TASK DIRECTIONS |
Each line of the data that mentions the string "date" needs to be identified and copied.

RECORDS PROVIDED |
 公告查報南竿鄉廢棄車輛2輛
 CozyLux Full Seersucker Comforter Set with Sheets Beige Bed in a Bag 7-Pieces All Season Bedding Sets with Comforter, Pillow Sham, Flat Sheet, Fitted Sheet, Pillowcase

--

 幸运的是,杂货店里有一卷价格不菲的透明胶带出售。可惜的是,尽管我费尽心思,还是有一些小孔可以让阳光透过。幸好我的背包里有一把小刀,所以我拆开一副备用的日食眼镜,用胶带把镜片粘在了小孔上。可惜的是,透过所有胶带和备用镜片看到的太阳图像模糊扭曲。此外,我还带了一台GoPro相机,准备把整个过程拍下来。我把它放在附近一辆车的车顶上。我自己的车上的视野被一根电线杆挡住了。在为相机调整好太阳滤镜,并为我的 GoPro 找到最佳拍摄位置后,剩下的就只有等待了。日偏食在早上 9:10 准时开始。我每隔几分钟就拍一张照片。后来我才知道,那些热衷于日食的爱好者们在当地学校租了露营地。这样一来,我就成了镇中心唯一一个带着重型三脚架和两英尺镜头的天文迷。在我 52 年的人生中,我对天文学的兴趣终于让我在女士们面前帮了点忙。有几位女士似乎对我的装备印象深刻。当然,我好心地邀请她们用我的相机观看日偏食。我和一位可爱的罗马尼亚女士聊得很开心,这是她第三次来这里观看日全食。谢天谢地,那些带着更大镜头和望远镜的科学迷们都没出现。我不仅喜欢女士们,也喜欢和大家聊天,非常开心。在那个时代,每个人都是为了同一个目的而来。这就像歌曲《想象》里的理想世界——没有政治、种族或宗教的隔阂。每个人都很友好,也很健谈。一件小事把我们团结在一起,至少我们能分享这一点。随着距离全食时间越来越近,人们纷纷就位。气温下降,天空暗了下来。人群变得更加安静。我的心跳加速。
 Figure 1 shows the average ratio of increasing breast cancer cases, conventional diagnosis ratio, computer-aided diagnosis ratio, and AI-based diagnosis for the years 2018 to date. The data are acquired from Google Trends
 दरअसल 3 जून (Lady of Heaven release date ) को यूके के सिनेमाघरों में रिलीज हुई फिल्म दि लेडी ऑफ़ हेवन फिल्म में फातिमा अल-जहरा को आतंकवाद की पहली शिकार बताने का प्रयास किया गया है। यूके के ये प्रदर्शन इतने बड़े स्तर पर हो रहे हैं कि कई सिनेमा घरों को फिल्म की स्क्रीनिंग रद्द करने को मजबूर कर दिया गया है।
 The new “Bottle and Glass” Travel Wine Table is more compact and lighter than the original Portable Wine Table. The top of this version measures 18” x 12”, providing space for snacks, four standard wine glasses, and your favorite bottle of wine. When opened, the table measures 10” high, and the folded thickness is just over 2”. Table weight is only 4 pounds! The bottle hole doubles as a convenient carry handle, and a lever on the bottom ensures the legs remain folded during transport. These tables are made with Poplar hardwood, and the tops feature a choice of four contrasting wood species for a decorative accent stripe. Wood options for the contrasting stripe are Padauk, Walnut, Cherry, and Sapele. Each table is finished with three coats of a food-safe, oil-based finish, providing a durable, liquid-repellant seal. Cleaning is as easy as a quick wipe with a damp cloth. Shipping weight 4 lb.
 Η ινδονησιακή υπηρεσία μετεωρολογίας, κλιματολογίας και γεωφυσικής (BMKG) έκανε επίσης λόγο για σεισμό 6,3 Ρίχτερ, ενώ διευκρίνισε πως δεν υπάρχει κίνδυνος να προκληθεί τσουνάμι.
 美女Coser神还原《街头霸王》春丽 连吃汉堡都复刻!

EXERCISE SOLUTION |
 Figure 1 shows the average ratio of increasing breast cancer cases, conventional diagnosis ratio, computer-aided diagnosis ratio, and AI-based diagnosis for the years 2018 to date. The data are acquired from Google Trends
 दरअसल 3 जून (Lady of Heaven release date ) को यूके के सिनेमाघरों में रिलीज हुई फिल्म दि लेडी ऑफ़ हेवन फिल्म में फातिमा अल-जहरा को आतंकवाद की पहली शिकार बताने का प्रयास किया गया है। यूके के ये प्रदर्शन इतने बड़े स्तर पर हो रहे हैं कि कई सिनेमा घरों को फिल्म की स्क्रीनिंग रद्द करने को मजबूर कर दिया गया है।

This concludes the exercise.